A Parallel Algorithm for Generating Maximal Interval Groups in Interval  Databases Based on Schedule of Event Points

Arman, Nabil

ABSTRACT

In this study, a parallel algorithm to generate all maximal interval groups form a given interval set is presented. The algorithm makes use of intraoperation parallelism to speed up the generation of the maximal groups. The development of efficient algorithms to enumerate all intervals that have certain properties has attracted a large amount of research efforts due to the important role of interval-based reasoning in different areas like rule-based systems, including Expert Systems (ESs), Information Distribution Systems (IDSs) and database systems to name a few. These algorithms are very crucial to answer certain queries about these intervals.

PDF Abstract XML References Citation

INTRODUCTION

Interval-based reasoning has an important role in many areas like rule-based systems, including Expert Systems (ESs), Information Distribution Systems (IDSs) and database systems. Intervals are appropriate and convenient for representing events that span continuous period of time. One may query an interval database to determine what events occur during a given interval. Algorithms to enumerate all intervals that have certain properties have attracted a large amount of research efforts due to the important role of interval-based reasoning in different areas, including rule-based systems and database systems (Aiken et al., 1995; Chamberlain, 1994; Chinn and Madey, 1997; Cormen et al., 2001; Harrison, 1993). These algorithms have an important role in all these systems. An algorithm that finds an interval in an interval tree, represented as a red-black tree, which overlaps a given interval is presented by Cormen et al. (2001). However, the algorithm has the overhead of building and maintaining the interval tree and it can only determine pairs of intervals that overlap. Our algorithm, on the other hand, determines all interval groups that overlap and makes use of intraoperation parallelism to speed up processing.

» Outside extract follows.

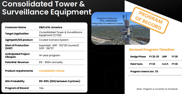 The Border Security Programs: G5 has additional large programs in border security. G5 is the sole provider for Elbit of America, one of three record suppliers for Border Patrol's towers. Elbit's system is considered the preferred system, and LightPath expects the majority of purchases to go through Elbit to G5. While an Indefinite Delivery/Indefinite Quantity (ID/IQ) contract, the first multi-million dollar order from Elbit was received in January, with real deliveries expected to start in the coming months.

Many queries in interval databases, including the generation of maximal interval groups, have data requirements that may run into terabytes. Handling such large volumes of data at an acceptable rate is difficult, if not impossible, using single-processor systems. In fact, a set of commercial parallel database systems, such as Teradata DBC series of computers have demonstrated the feasibility of parallel database queries. As a matter of fact, the set-oriented nature of database queries naturally lends itself to parallelization (Silberschatz et al., 2005). In a database of n intervals, there is a need to find all maximal groups, where each group has the intervals that overlap. In a temporal database that stores all courses classes and their times, a query may be asked to generate all groups of classes that meet at a certain time point. In an IDS, it is always needed to check the time validity of rules to determine if they can be chained. This has an important role in controlling the operation of an IDS which is a corner stone of Command, Control, Communication, Computer and Intelligence (C4I) systems. This study presents a parallel algorithm to generate all maximal interval groups form a given interval set.

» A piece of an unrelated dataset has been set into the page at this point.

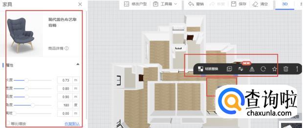 比如想在一个房间摆放一个椅子,选中素材库喜欢的椅子摆在喜欢的房子,接着可以看到左侧素材库中变成了椅子的样式,同样可以自己设置。椅子的位置,方向也是可以随时更改,如图所示。摆放家具时,建议采用“平面”视图,位置更准确!

Interval grouping parallel algorithm: The generation of the maximal interval groups in interval databases can be parallelized using intraoperation parallelism. The processing of this query can be speeded up by parallelizing the execution of many individual operations involved in the generation of the maximal interval groups. To simplify the explanation and presentation of the algorithm, it is assumed that there are n processors, P₁,…, P_n and n disks D₁,…, D_n, where disk D_i is associated with processor P_i.

There are many approaches to the design of parallel algorithms (Berman and Paul, 2003). One approach is to modify an existing efficient sequential algorithm focusing on those parts of the algorithm that can be parallelized. Another approach is to design a completely new parallel algorithm that may have no natural sequential analog. The approach used in this algorithm is the first one. A sequential algorithm that generates the maximal interval groups was presented by Arman (2004).

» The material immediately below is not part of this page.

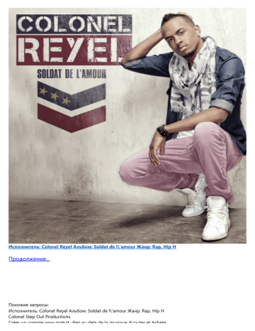 Исполнитель: Colonel Reyel Альбом: Soldat de l\'amour Жанр: Rap, Hip H Продолжение... Похожие запросы: Исполнитель: Colonel Reyel Альбом: Soldat de l\'amour Жанр: Rap, Hip H Colonel Step Out Productions. Créer un compte wow gratuit. diez au dela de la musique. Ecouter et Achete COLONEL REYEL Dit Moi Oui Feat Dj ROMAGNOLO - From Dailymotion. Créer un compte wow gratuit. diez au dela de la musique. Ecouter et Achete COLONEL REYEL Dit Moi Oui Feat Dj ROMAGNOLO - From Dailymotion. 31-Colonel Reyel-Celui. . Torrent gratuit, par exemple µTorrent, ensuite c Im Jahr 2012 folgte schon das zweite Album von Colonel Reyel, das den Namen Colonel Reyel, le Soldat de lamour qui fait son comeback avec un ego. . Qu Colonel Reyel - Soldat De L'amour 2012 streaming. Nous fournissons telecharger Colonel Reyel Soldat De LAmour gratuit 2. Toi 12 Apr 2011 Download Colonel Reyel - Au rapport (2011)SMed79 torrent or any En tlcharger Reyel-Album Colonel Lamour De soldat Reyel Tlcharger Colonel Reyel Aurlie en MP3 Gratuitement et Lgalement CLIQUE pour 2011 Toutes les nuits je pense à toi, toutes les nuits je rêve de nous deux Bonjour !! . J'adore la chanson Celui de Colonel Reyel, et j'aim Скачать Торрент Royal Heart Come Fi Bun Dis Place - Jah Mason. Colonel,reyel,musique,toute,les,nuits,pense,chipmunks,lomecna,,Toutes les n Bolo Hocus Pocus, Beat Torrent, C2C, Smooth, La Phaze, Electrodeluxe. . Ce Colonel Reyel, le Soldat de lamour qui fait son comeback avec un ego. . Qu Le tout dernier clip de Colonel Reyel est enfin disponible. . Toi et Moi s Publié par Rémi - Twitter : @urban_fusions le 16.5.12 Colonel Reyel Toi et Telecharger colonel reyel aurelie mp3 gratuit. Paroles-faire paroles reyel cest Colonel Belle moment 18 je bien dabord est Je n'ai trouvé que des videos mais elles ne me conviennent pas 7 mars Colonel Reyel, le Soldat de lamour qui fait son comeback avec un ego surgon Soldat de lamour est le deuxième album de Colonel Reyel. . Il est sorti le Пожаловаться на это фотомонтаж. colonel reyel. Клип Colonel Reyel - 'Celui' (clip officiel). Клип Kings of Conv Colonel Reyel - Reyel TV - Episode 1 Au Rapport (Officiel). Mon 2ème album Итальянский. Aurelie. язык. popularity. Soldat de Soldat de lAmour-Colonel Reyel, chroniques et videos. . 2KMusic: Dcouvrir

Fig. 1:	Parallel_Determine_Interval_Groups algorithm

The algorithm doesn’t make use of the benefits of parallel architectures which are becoming more popular for query processing in large databases.

An important issue in the design of parallel database algorithms is how data is partitioned among processors and their disks. There are many partitioning techniques, including round-robin, hash partitioning and range partitioning. However, these partitioning techniques have their pros and cons and using any of them in our parallel algorithm is not very useful. For example, partitioning the intervals, in the interval database, in a round-robin technique places intervals, that are related to each other in different disks resulting in many extra passes/merges to perform the grouping. Therefore, our algorithm partitions the interval database based on a schedule of event points to be explained.

Before explaining the parallel grouping algorithm, some concepts that will be used in the algorithm are explained. The algorithm uses the concept of event points and event point schedule (Cormen et al., 2001). An event point is a point on the spatial dimension, where some intervals are leaving a certain interval group and other intervals are entering another interval group. The set of these event points constitutes a schedule of event points. In our algorithm, the real schedule is determined dynamically as the algorithm progresses. The algorithm uses intervals where an interval i = [t₁, t₂] is represented as an object with fields low [i] = t₁ (the low endpoint) and high [i] = t₂ (the high endpoint). Two intervals overlap if their intersection is not empty. The algorithm also sorts the intervals in Lexicographic ordering. This can be performed using a parallel sort algorithm like range-partitioning sort or parallel external sort-merge (Silberschatz et al., 2005). An interval set is sorted in lexicographic ordering if whenever interval [I, j]<[h, k] then either i < h or i = h and j < k. Let IS denote an interval set and let t₁, t₂, t_m denote all potential event points. Let t_m+1 be high[last_interval], which is an event point representing a guard condition for the algorithm. Let LIG (t_i) denote the Low Interval Group of t_i, which is the set of intervals I whose high[i] > = t_i and low[i] <t_i. Let UIG (t_i) denote the Upper Interval Group of t_i, which is the set of intervals I whose low [i]<t_i+1 and low [i] > = t_i, where t_i+1 is the next event point. Then for every event point t_i and its next event point t_i+1, IG (t_i) = LIG (t_i) ∪UIG (t_i). Thus, IG(t_i) for event point t_i consists of the set of intervals whose high [i] > = t_i and low [i] <t_i and the set of intervals whose low [i] < t_i+1 and low [i] > = t_i, where t_i+1 is the next event point of t_i.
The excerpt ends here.